# The Horseman (Home Depot Skeletons Makeover)



## Sytnathotep

So here is the pics promised from my Horse skellie 'Sytnathotepificaton' thread. 
And as usual, more pics and stuff on my webpage! Thanks everyone for lookin!


----------



## RoxyBlue

You did a fantastic job, Syt! This is one hellaciously eerie pair, and so beautiful.


----------



## Sytnathotep

RoxyBlue said:


> You did a fantastic job, Syt! This is one hellaciously eerie pair, and so beautiful.
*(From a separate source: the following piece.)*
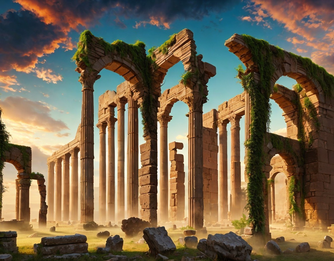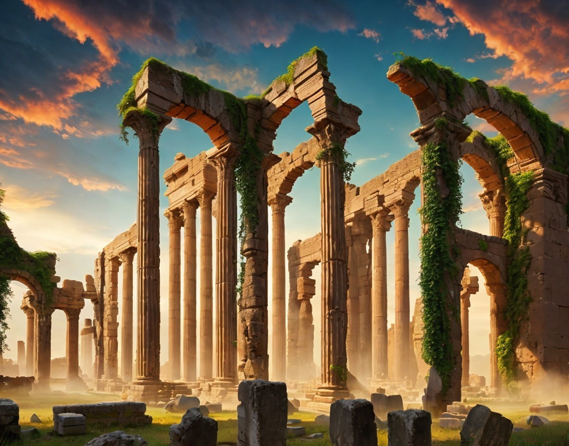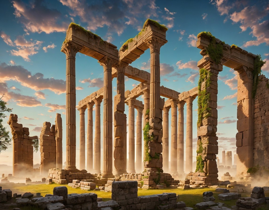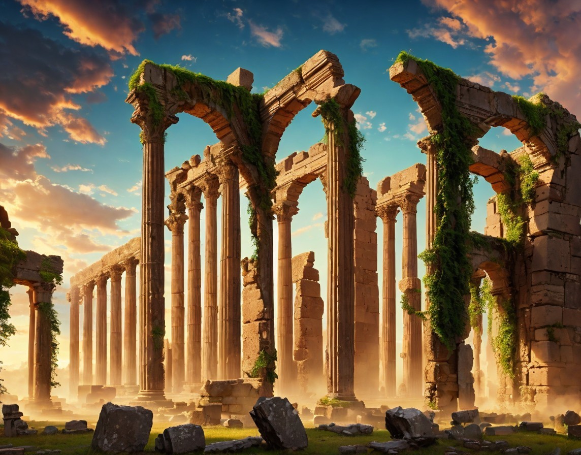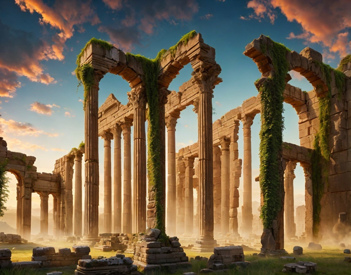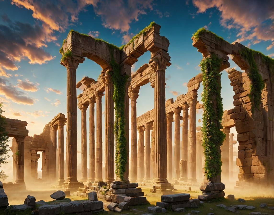 Ancient ruins with columns, overgrown with vines, bathed in warm sunlight against a cloud-streaked blue sky.

True, but not so much when he's been drinking, like this afternoon! Or the wind blew him off...that's what he'd like for you to believe anyay. :googly:


----------



## RoxyBlue

LMAO, you drunken horseman!

We're already anticipating the same problem since wind is predicted for our area on Halloween. We plan to have a skellie seated on our horse and will make good use of zipties to keep him there. Of course, if the horse blows over, he'll be totally screwed.


----------



## Hairazor

This is great,and the extras like the lantern to light his way!! I may have missed it somewhere but what did you use for the mane?


----------



## Gruenenfelder

Badass! Love it.


----------



## Sytnathotep

Hairazor said:


> This is great,and the extras like the lantern to light his way!! I may have missed it somewhere but what did you use for the mane?


Two Dollar store wigs!

Here is the WIP thread 

Thanks!


----------



## Spooky1

They look amazing. Great job corpsing them.


----------



## jabberwocky

WOW!
That is truly beautiful.
I am tipping my hat to you.
Thank you for sharing.
Robert


----------



## bobzilla

Wonderful!!
Great lighting


----------



## Copchick

I was waiting to see a corpse horse skellie. It looks really cool how you've tweaked him. Nice job!


----------



## punkineater

Spectacularly eerie makeover!


----------



## Pedagog

Looks great, have to admit I like the drunken look.


----------



## Diabolik

This looks perfect. I Love everything about it. You did a fantastic job detailing everything and the choice of LED's and lighting makes it all pop. What did you do with the hand holding the lantern? Did you bend it with heat or did you make new hands? Thanks.


----------



## Rahnefan

Whoa Nelly. Great prop!!!


----------